这里的数据是在交叉验证过程中对模型超参数进行调优的结果,由于篇幅过大其中省略号为每折重复的过程具体查看代码输出,包括每个分割(split)的测试得分(splitX_test_score)、每个超参数(如bootstrap、max_depth等)的设置(param_X)、每次拟合和评分的平均时间(mean_fit_time和mean_score_time)、标准差(std_fit_time和std_score_time),以及最终的测试得分和排名(mean_test_score和rank_test_score)。每一项结果都展示了该模型在不同超参数配置下的表现,用于选择最优的参数和模型配置

  
# 提取最优模型每折成绩  
max_scores_lgbm = [cv_results_lgbm[f'split{i}_test_score'][best_rank_index] for i in range(10)]  
print("最优参数每折 AUC 成绩:", max_scores_lgbm )  
mean_score_lgbm = np.mean(max_scores_lgbm)  # 计算平均成绩  
std_score_lgbm = np.std(max_scores_lgbm)  # 计算标准差  
print("Mean of the best scores (across folds):", mean_score_lgbm)  
print("Standard deviation of the best scores (across folds):", std_score_lgbm)

提取最优参数下模型在每一折交叉验证中最优参数对应的AUC成绩,计算并输出这些成绩的平均值和标准差

  
最优参数每折 AUC 成绩: [0.8782051282051282, 0.8269230769230769, 0.8012820512820513, 0.7243589743589743, 0.8333333333333334, 0.888888888888889, 1.0, 0.9652777777777778, 0.9305555555555556, 0.9583333333333334]  
Mean of the best scores (across folds): 0.880715811965812  
Standard deviation of the best scores (across folds): 0.08115230532038907

picture.image

在10折交叉验证中,每一折训练后模型的最佳AUC分数被计算得出,AUC值越高代表模型性能越好。计算这些最佳AUC成绩的平均值,结果为0.8807,表示模型在所有交叉验证折中的整体表现,这也是我们在进行超参数优化时,依据最大平均AUC值来选择最佳参数。标准差为0.0812,反映了模型性能的稳定性。较低的标准差意味着模型在不同折间表现一致,而较高的标准差则表明模型在不同折上的性能波动较大,可以发现在参考文献中评价模型时也在参考这个标准差

接下来,同样的流程应用于XGBoost和RF模型的构建与优化即可

  
from sklearn.model_selection import cross_val_score  
from sklearn.linear_model import LogisticRegression  
from sklearn.ensemble import StackingClassifier  
  
# 初始化基础学习器  
base_learners = [  
    ('lgbm', best_lgbm_model),  
    ('xgb', best_xgb_model),  
    ('rf', best_rf_model)  
]  
  
# 使用 LogisticRegression 作为元模型,并且应用 L1 正则化 (Lasso)  
meta_model = LogisticRegression(penalty='l1', solver='liblinear', random_state=random_seed)  
  
# 创建 StackingClassifier  
stacking_model = StackingClassifier(  
    estimators=base_learners,   
    final_estimator=meta_model,   
    stack_method='predict_proba',  # 使用 predict_proba 提取概率作为元模型的输入  
    n_jobs=-1  
)  
  
# 拟合堆叠模型  
print("Training StackingClassifier...")  
stacking_model.fit(X_train, y_train)

使用LightGBM、XGBoost和RF作为基础学习器,并将逻辑回归作为元模型,利用L1正则化(Lasso回归)进行堆叠分类模型的构建和训练。
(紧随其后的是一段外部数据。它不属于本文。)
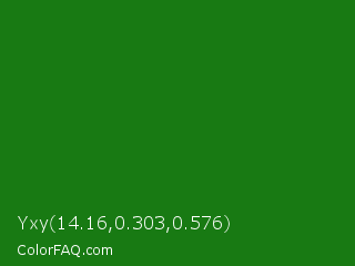 Yxy 14.16,0.303,0.576 Color is a dark green color and the nearest color is India Green #138808. Hex code #187a13 and RGB value is rgb(24,122,19). In RGB color space, this color is composed of 9% red, 48% green, 7% blue, In CMYK color space, this color is composed of 80% cyan, 0% magenta, 84% yellow , 52% black , In HSL color space, this color has a hue angle of 117° , 73% saturation and 28% lightness.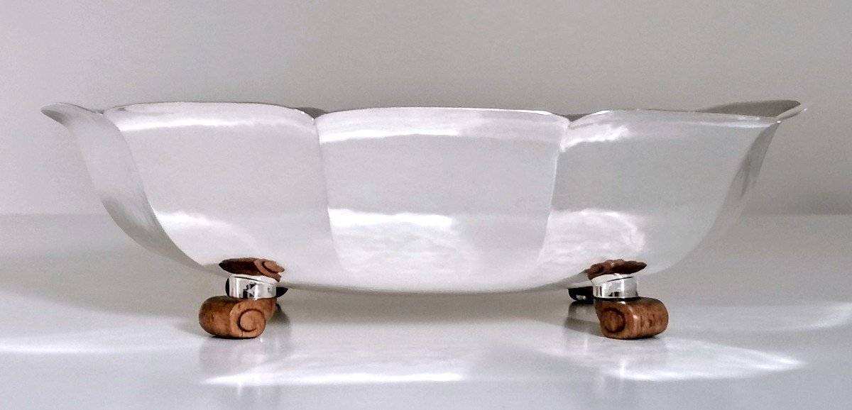 Bowl, centerpiece art deco in solid hammered silver with rosewood legs. Brussels around 1925. Silversmith Wolfers Frères. First title. 950/1000. Weight 1175 gr. Length 35 cm. Width 29 cm. Height 11 cm. There is a "reference work" in the catalog art deco silver of the museum Sterckshof in Antwerp.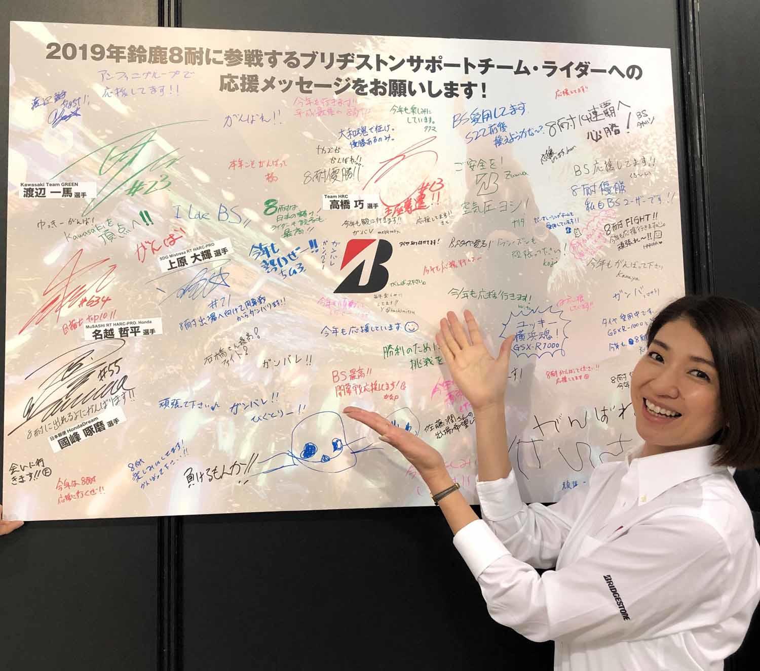 ブースでは今年の鈴鹿8時間耐久ロードレースに参戦するブリヂストンサポートチーム・ライダーへの応援メッセージも募集し、最終日にはボードがコメントで一杯になりました。

文献中提到使用Lasso回归作为元模型,但在Python的StackingClassifier中,直接使用Lasso回归会报错,因为Lasso回归是回归模型,适用于连续性目标变量。为了解决这个问题,这里采用逻辑回归作为二分类元模型,并通过L1正则化使其具有Lasso回归的效果,从而实现堆叠模型

  
from sklearn.model_selection import KFold  
# 创建 KFold,显式设置随机种子  
kf = KFold(n_splits=10, shuffle=True, random_state=random_seed)  
  
# 使用10折交叉验证,并计算AUC  
print("Performing 10-fold cross-validation with AUC...")  
cv_auc_scores = cross_val_score(  
    stacking_model,   
    X_train,   
    y_train,   
    cv=kf,  # 使用自定义的KFold进行交叉验证  
    scoring='roc_auc',  # AUC作为评估指标  
    n_jobs=-1  # 并行计算  
)  
  
# 计算均值和标准差  
mean_score_stacking = np.mean(cv_auc_scores)  
std_score_stacking = np.std(cv_auc_scores)  
  
# 输出堆叠模型的均值和标准差  
print("Mean of the best AUC scores (across folds) for stacking model:", mean_score_stacking)  
print("Standard deviation of the best AUC scores (across folds) for stacking model:", std_score_stacking)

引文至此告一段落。